Sharpe S A, McShane H, Dennis M J, Basaraba R J, Gleeson F, Hall G, McIntyre A, Gooch K, Clark S, Beveridge N E R, Nuth E, White A, Marriott A, Dowall S, Hill A V S, Williams A, Marsh P D
Health Protection Agency, Centre for Emergency Preparedness and Response, Porton Down, Salisbury, United Kingdom.
Clin Vaccine Immunol. 2010 Aug;17(8):1170-82. doi: 10.1128/CVI.00079-10. Epub 2010 Jun 9.

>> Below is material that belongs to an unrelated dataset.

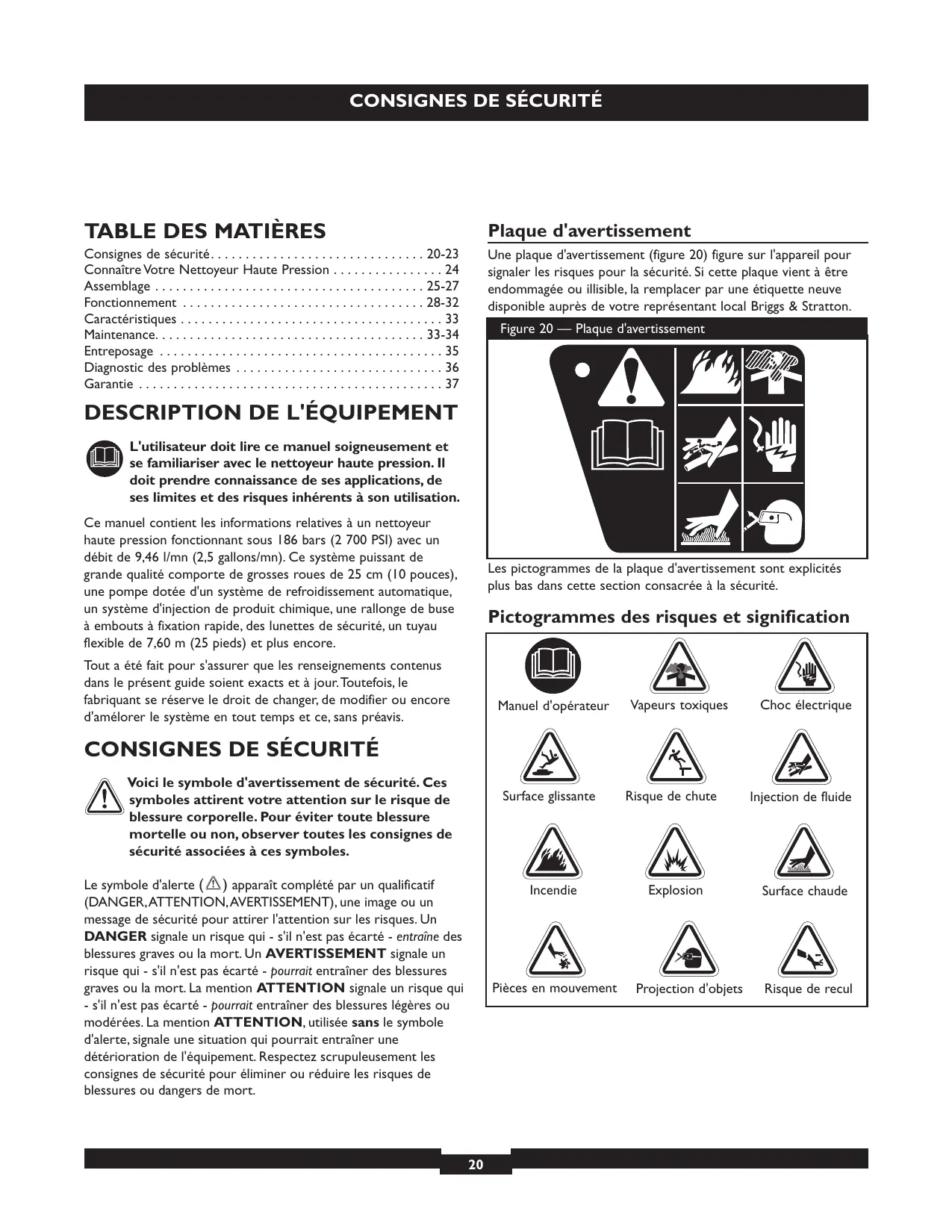 - Plaque d'avertissement Consignes de sécurité p. 20

The establishment of an aerosol challenge model in nonhuman primates (NHPs) for the testing of vaccines against Mycobacterium tuberculosis would assist the global effort to optimize novel vaccination strategies. The endpoints used in preclinical challenge studies to identify measures of disease burden need to be accurate and sensitive enough to distinguish subtle differences and benefits afforded by different tuberculosis (TB) vaccine regimens when group sizes are inevitably small. This study sought to assess clinical and nonclinical endpoints as potentially sensitive measures of disease burden in a challenge study with rhesus macaques by using a new protocol of aerosol administration of M. tuberculosis. Immunological and clinical readouts were assessed for utility in vaccine evaluation studies. This is the first example of TB vaccine evaluation with rhesus macaques where long-term survival was one of the primary endpoints. However, we found that in NHP vaccine efficacy studies with maximum group sizes of six animals, survival did not provide a valuable endpoint. Two approaches used in human clinical trials for the evaluation of the gamma interferon (IFN-gamma) response to vaccination (enzyme-linked immunospot [ELISpot] assay and enzyme-linked immunosorbent assay [ELISA]) were included in this study. The IFN-gamma profiles induced following vaccination were found not to correlate with protection, nor did the level of purified protein derivative (PPD)-specific proliferation. The only readout to reliably distinguish vaccinated and unvaccinated NHPs was the determination of lung lesion burden using magnetic resonance (MR) imaging combined with stereology at the end of the study. Therefore, the currently proposed key markers were not shown to correlate with protection, and only imaging offered a potentially reliable correlate.
建立用于测试抗结核分枝杆菌疫苗的非人灵长类动物(NHP)气溶胶攻击模型,将有助于全球优化新型疫苗接种策略的努力。临床前攻击研究中用于确定疾病负担指标的终点需要足够准确和敏感,以便在组规模不可避免地较小时,区分不同结核病(TB)疫苗方案所带来的细微差异和益处。本研究旨在通过使用一种新的结核分枝杆菌气溶胶给药方案,评估恒河猴攻击研究中作为疾病负担潜在敏感指标的临床和非临床终点。评估了免疫和临床读数在疫苗评估研究中的效用。这是恒河猴TB疫苗评估的首个实例,其中长期生存是主要终点之一。然而,我们发现,在最大组规模为6只动物的NHP疫苗效力研究中,生存并未提供有价值的终点。本研究纳入了人类临床试验中用于评估疫苗接种后γ干扰素(IFN-γ)反应的两种方法(酶联免疫斑点[ELISpot]测定和酶联免疫吸附测定[ELISA])。发现接种疫苗后诱导的IFN-γ谱与保护作用无关,纯化蛋白衍生物(PPD)特异性增殖水平也无关。在研究结束时,使用磁共振(MR)成像结合体视学确定肺部病变负担是唯一能够可靠区分接种和未接种NHP的读数。因此,目前提出的关键标志物未显示与保护作用相关,只有成像提供了潜在可靠的关联。